Autonomous System (AS)
A collection of IP networks managed by a single organization with a unified routing policy. Each AS is assigned a unique AS number (ASN).
Delivery Mode
Routing Mode (Static / BGP)
Specifies how routing information is exchanged between your network and the transit provider:
Static Routing Routes are manually configured and fixed. Simple but not scalable.
BGP (Border Gateway Protocol) A dynamic routing protocol that automatically exchanges routes between Autonomous Systems (ASes). Scalable and flexible, commonly used for IP Transit.
Gateway Mode
Refers to the device or role acting as a gateway between your network and the upstream transit provider.

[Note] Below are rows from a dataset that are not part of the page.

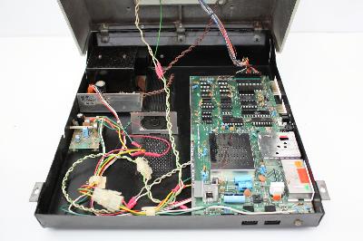 Under the hood of the Educator 64. This has a modified C64 motherboard and extra circuitry for audio on the left.(e)
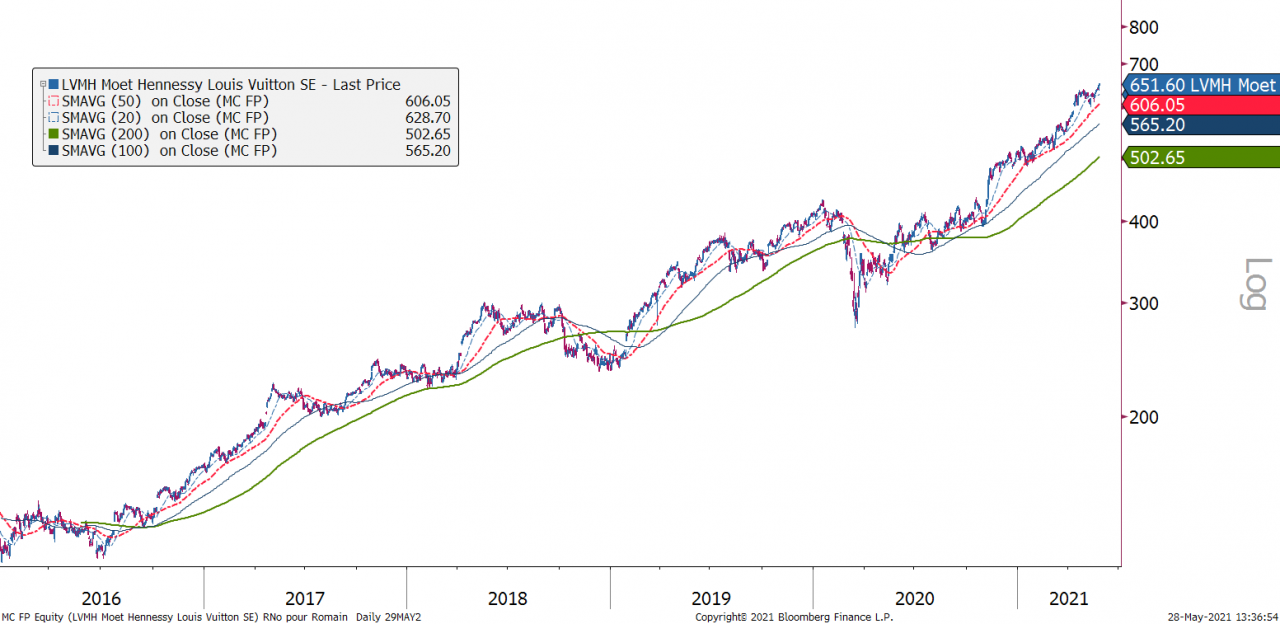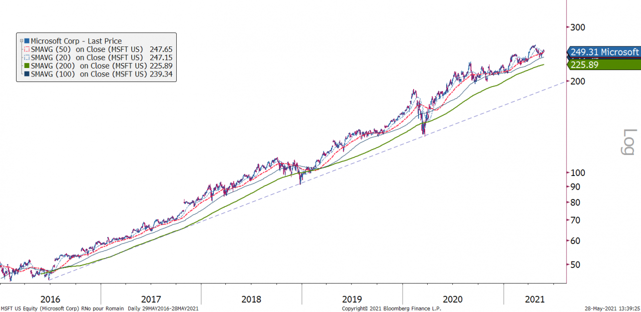 Voici trois exemples de valeurs qui sont en tendances haussières long terme et qui font régulièrement des plus hauts historiques : LVMH, Téléperformance et Microsoft.
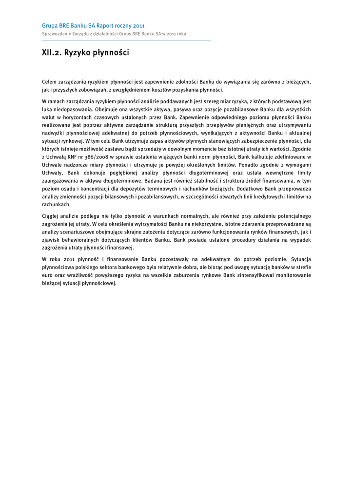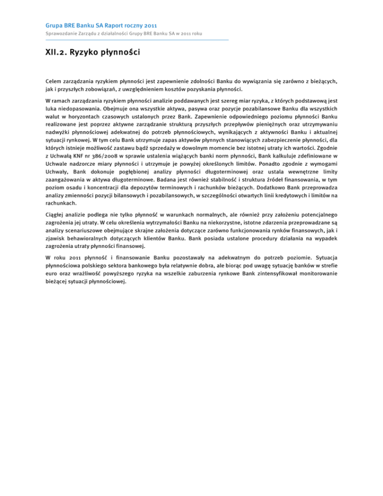 Grupa BRE Banku SA Raport roczny 2011 Sprawozdanie Zarządu z działalności Grupy BRE Banku SA w 2011 roku XII.2. Ryzyko płynności Celem zarządzania ryzykiem płynności jest zapewnienie zdolności Banku do wywiązania się zarówno z bieżących, jak i przyszłych zobowiązań, z uwzględnieniem kosztów pozyskania płynności. W ramach zarządzania ryzykiem płynności analizie poddawanych jest szereg miar ryzyka, z których podstawową jest luka niedopasowania. Obejmuje ona wszystkie aktywa, pasywa oraz pozycje pozabilansowe Banku dla wszystkich walut w horyzontach czasowych ustalonych przez Bank. Zapewnienie odpowiedniego poziomu płynności Banku realizowane jest poprzez aktywne zarządzanie strukturą przyszłych przepływów pieniężnych oraz utrzymywaniu nadwyżki płynnościowej adekwatnej do potrzeb płynnościowych, wynikających z aktywności Banku i aktualnej sytuacji rynkowej. W tym celu Bank utrzymuje zapas aktywów płynnych stanowiących zabezpieczenie płynności, dla których istnieje możliwość zastawu bądź sprzedaży w dowolnym momencie bez istotnej utraty ich wartości. Zgodnie z Uchwałą KNF nr 386/2008 w sprawie ustalenia wiążących banki norm płynności, Bank kalkuluje zdefiniowane w Uchwale nadzorcze miary płynności i utrzymuje je powyżej określonych limitów. Ponadto zgodnie z wymogami Uchwały, Bank dokonuje pogłębionej analizy płynności długoterminowej oraz ustala wewnętrzne limity zaangażowania w aktywa długoterminowe. Badana jest również stabilność i struktura źródeł finansowania, w tym poziom osadu i koncentracji dla depozytów terminowych i rachunków bieżących. Dodatkowo Bank przeprowadza analizy zmienności pozycji bilansowych i pozabilansowych, w szczególności otwartych linii kredytowych i limitów na rachunkach. Ciągłej analizie podlega nie tylko płynność w warunkach normalnych, ale również przy założeniu potencjalnego zagrożenia jej utraty. W celu określenia wytrzymałości Banku na niekorzystne, istotne zdarzenia przeprowadzane są analizy scenariuszowe obejmujące skrajne założenia dotyczące zarówno funkcjonowania rynków finansowych, jak i zjawisk behawioralnych dotyczących klientów Banku. Bank posiada ustalone procedury działania na wypadek zagrożenia utraty płynności finansowej. W roku 2011 płynność i finansowanie Banku pozostawały na adekwatnym do potrzeb poziomie. Sytuacja płynnościowa polskiego sektora bankowego była relatywnie dobra, ale biorąc pod uwagę sytuację banków w strefie euro oraz wrażliwość powyższego ryzyka na wszelkie zaburzenia rynkowe Bank zintensyfikował monitorowanie bieżącej sytuacji płynnościowej.
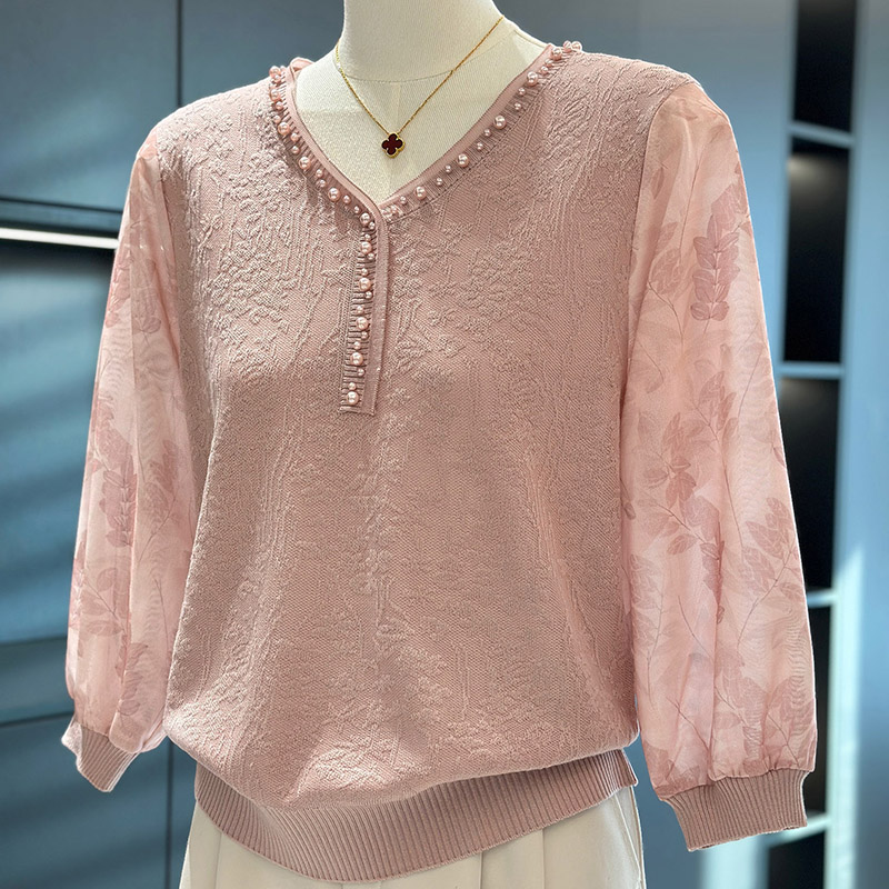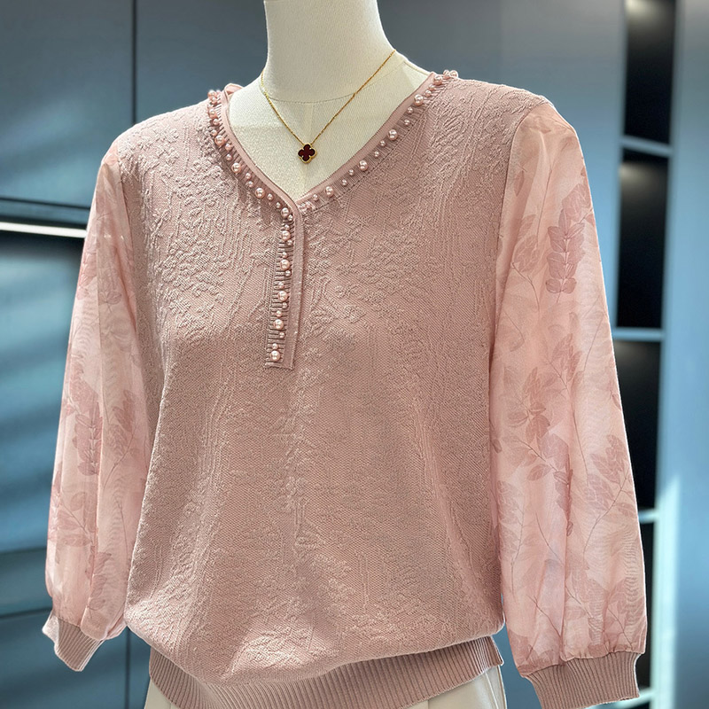 洋气雪纺针织衫 上衣百搭休闲中老年人打底衫 女妈妈装 新款 秋装 时尚

It handles traffic forwarding, routing decisions, and possibly BGP sessions.
BFD (Bidirectional Forwarding Detection)
A fast failure detection protocol used with routing protocols (like BGP) to quickly detect link or path failures. Helps minimize downtime by triggering fast rerouting.
Transmit Interval: How often BFD packets are sent (e.g., 300 ms).
Receive Interval: Expected interval at which BFD packets are received from the peer.
Detection Multiplier: Number of missed packets before considering the link down. For example, multiplier = 3 means the link is declared down if 3 consecutive packets are missed.
Inbound Routing Type
Specifies what kind of route information you receive from the transit provider:
Full Route: You receive the entire global BGP routing table (all internet routes). Offers full control over path selection but requires more memory and CPU.
Default Route: You receive a single default route (
0.0.0.0/0
) that sends all non-local traffic to the provider. Simpler and less resource-intensive.Full Route + Default Route: You get the full routing table and a default route. Allows flexible fallback if specific routes are withdrawn or filtered.